● **Records supplied**
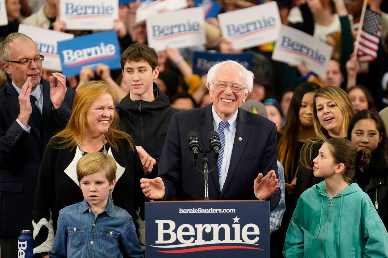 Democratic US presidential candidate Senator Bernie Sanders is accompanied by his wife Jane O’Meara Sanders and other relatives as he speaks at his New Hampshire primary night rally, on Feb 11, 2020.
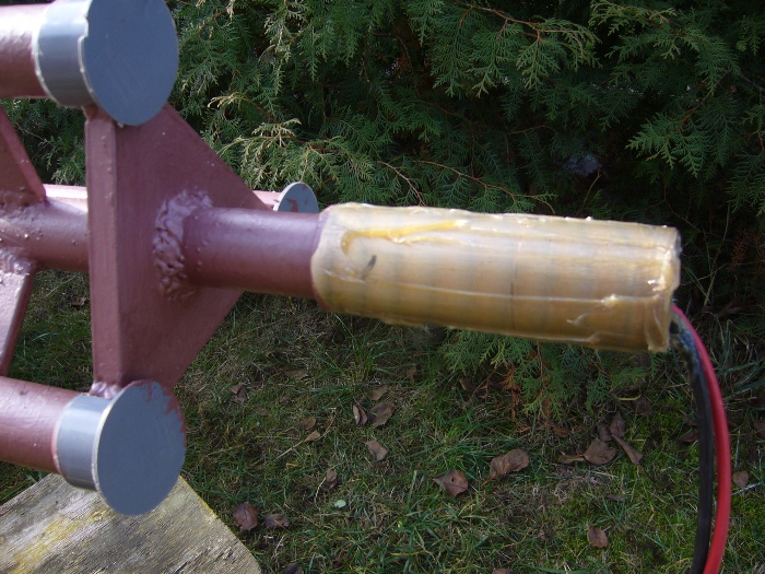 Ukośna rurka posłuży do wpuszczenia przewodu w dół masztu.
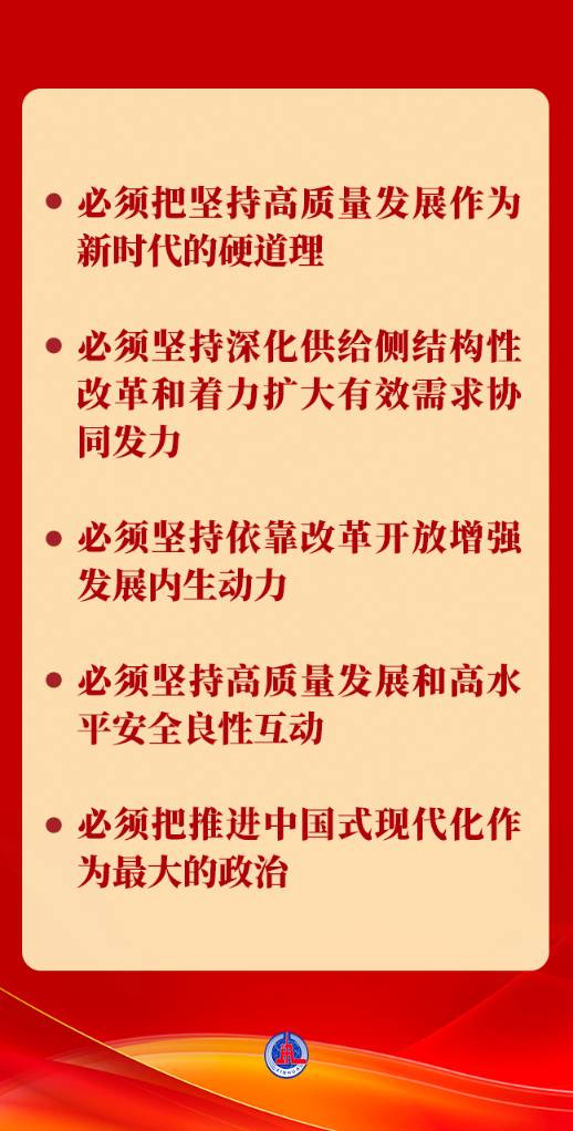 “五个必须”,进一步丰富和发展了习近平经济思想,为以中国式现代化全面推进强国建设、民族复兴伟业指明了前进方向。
==
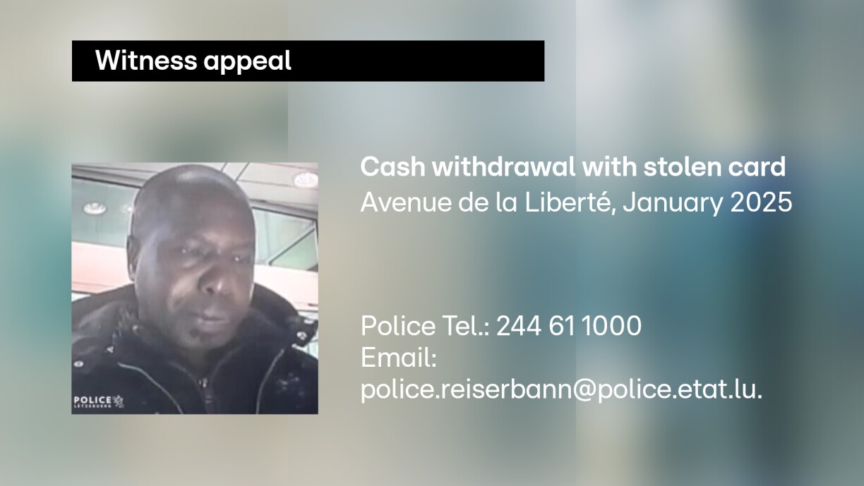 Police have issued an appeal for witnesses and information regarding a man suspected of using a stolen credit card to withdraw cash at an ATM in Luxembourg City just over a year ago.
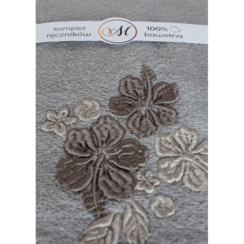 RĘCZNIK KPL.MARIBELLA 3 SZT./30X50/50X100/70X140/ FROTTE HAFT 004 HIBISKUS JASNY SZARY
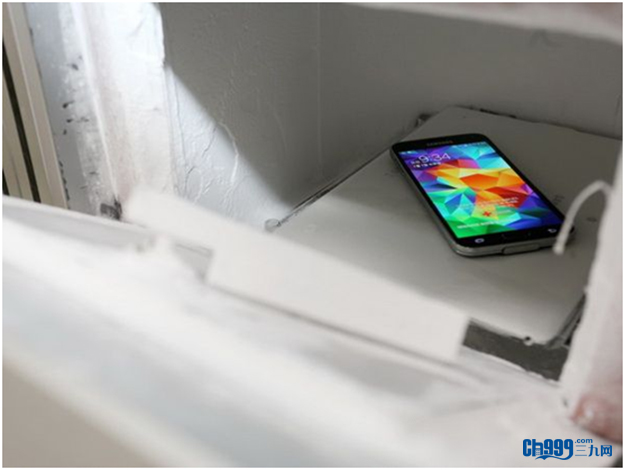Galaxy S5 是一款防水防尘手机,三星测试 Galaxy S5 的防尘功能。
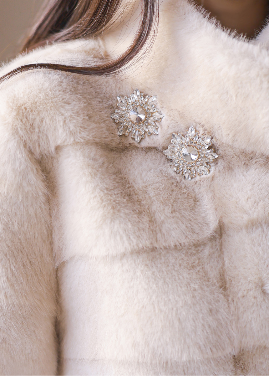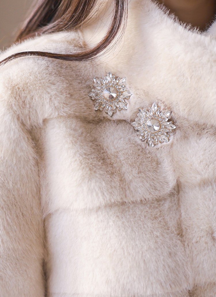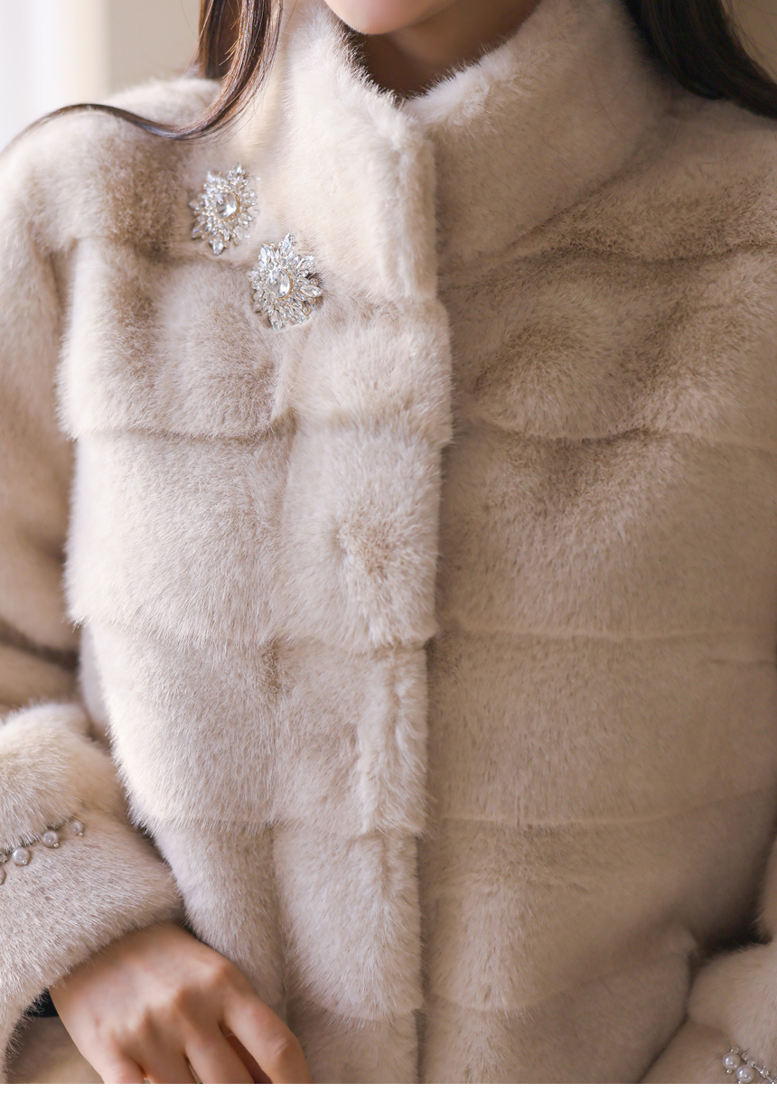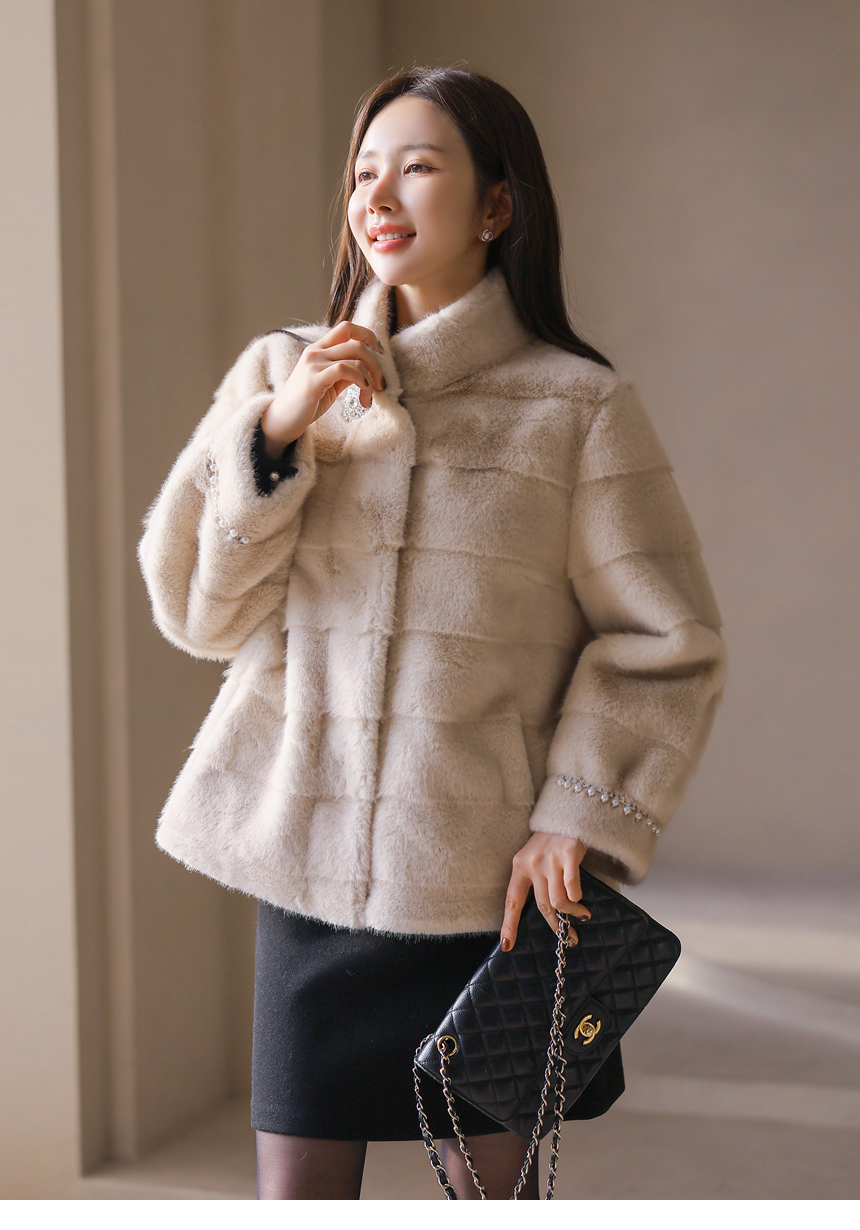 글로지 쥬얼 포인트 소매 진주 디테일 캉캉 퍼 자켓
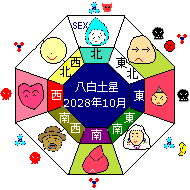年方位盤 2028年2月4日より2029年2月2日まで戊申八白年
* * *
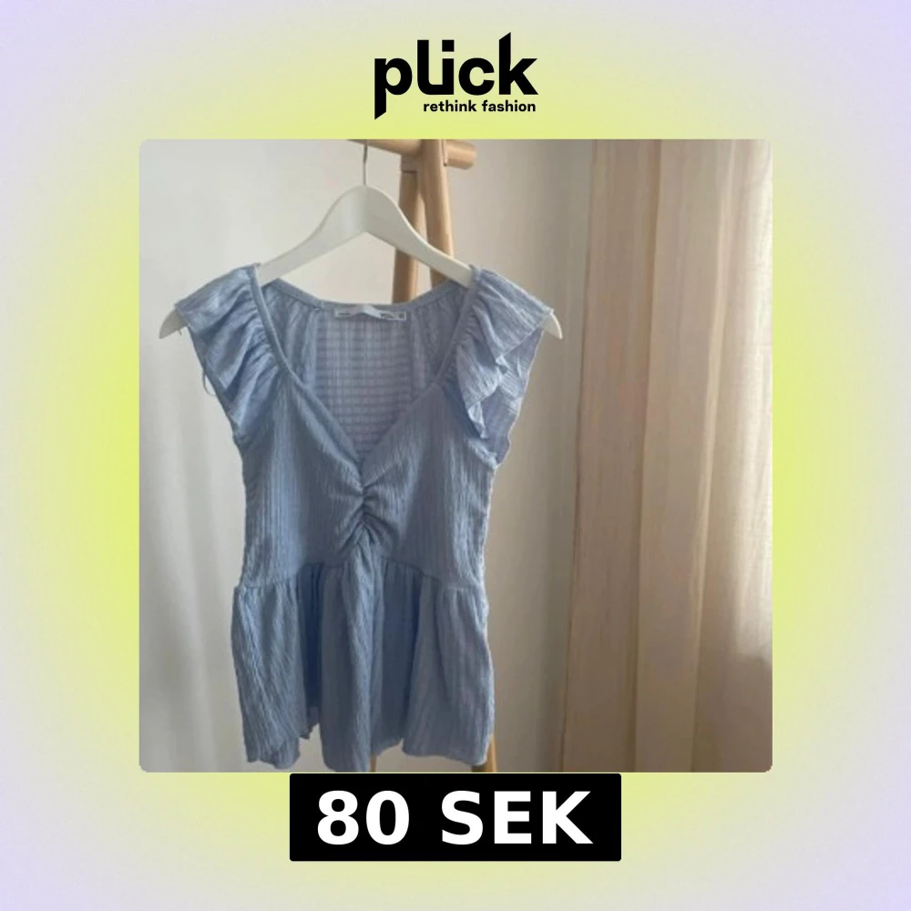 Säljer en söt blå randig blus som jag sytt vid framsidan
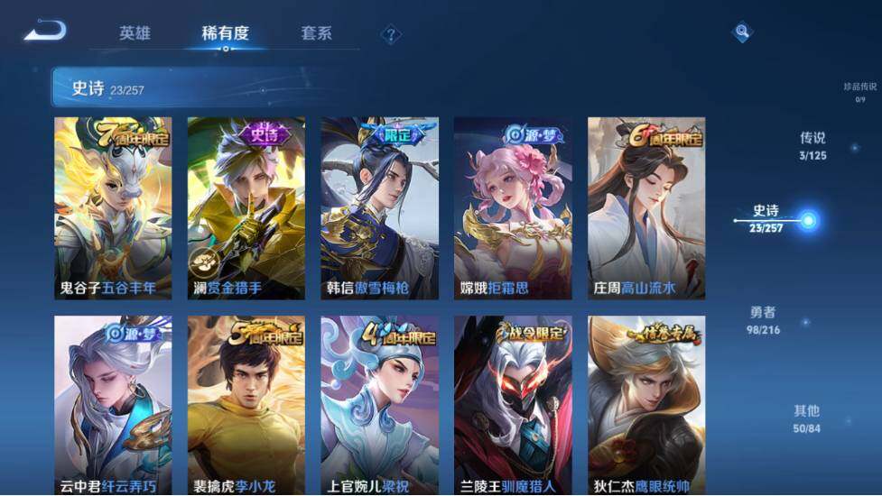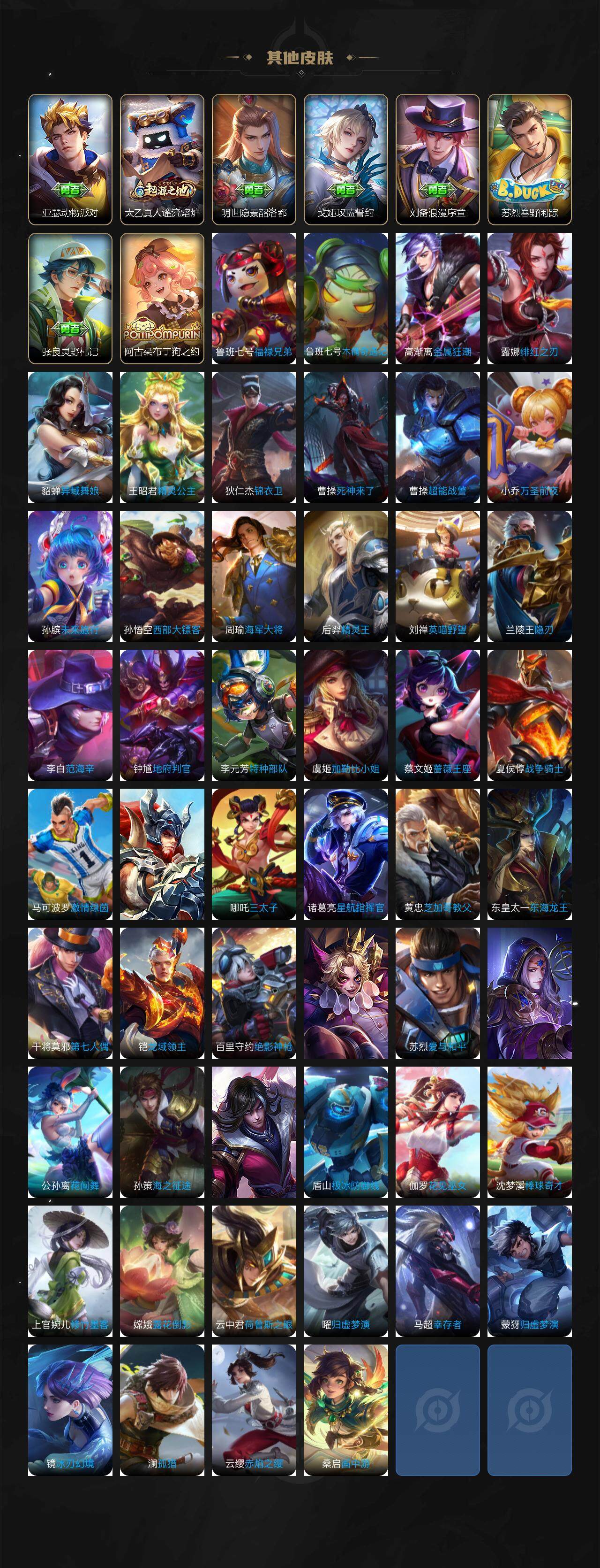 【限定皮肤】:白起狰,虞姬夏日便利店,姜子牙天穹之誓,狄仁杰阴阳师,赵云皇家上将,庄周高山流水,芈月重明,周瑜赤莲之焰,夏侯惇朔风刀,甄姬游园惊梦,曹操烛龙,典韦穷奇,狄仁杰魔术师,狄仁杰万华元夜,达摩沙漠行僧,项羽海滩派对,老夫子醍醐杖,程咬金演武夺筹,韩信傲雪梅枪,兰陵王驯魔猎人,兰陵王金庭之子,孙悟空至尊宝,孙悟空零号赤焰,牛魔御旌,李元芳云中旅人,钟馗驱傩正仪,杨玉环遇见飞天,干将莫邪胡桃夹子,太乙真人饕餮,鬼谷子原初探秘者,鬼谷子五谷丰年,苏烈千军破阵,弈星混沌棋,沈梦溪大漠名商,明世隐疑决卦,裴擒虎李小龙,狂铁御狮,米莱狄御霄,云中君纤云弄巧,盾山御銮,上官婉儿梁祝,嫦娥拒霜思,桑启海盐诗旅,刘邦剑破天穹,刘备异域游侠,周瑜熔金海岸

● **What the task requires**
Within the material above, only the stretch from the line holding "RĘCZNIK KPL.MARIBELLA 3" through the line holding "年方位盤 2028年2月4日より2029年2月2日まで戊申八白年" is to be restated exactly. Pictures are dropped.

● **Result of the task**
 RĘCZNIK KPL.MARIBELLA 3 SZT./30X50/50X100/70X140/ FROTTE HAFT 004 HIBISKUS JASNY SZARY
Galaxy S5 是一款防水防尘手机,三星测试 Galaxy S5 的防尘功能。
 글로지 쥬얼 포인트 소매 진주 디테일 캉캉 퍼 자켓
年方位盤 2028年2月4日より2029年2月2日まで戊申八白年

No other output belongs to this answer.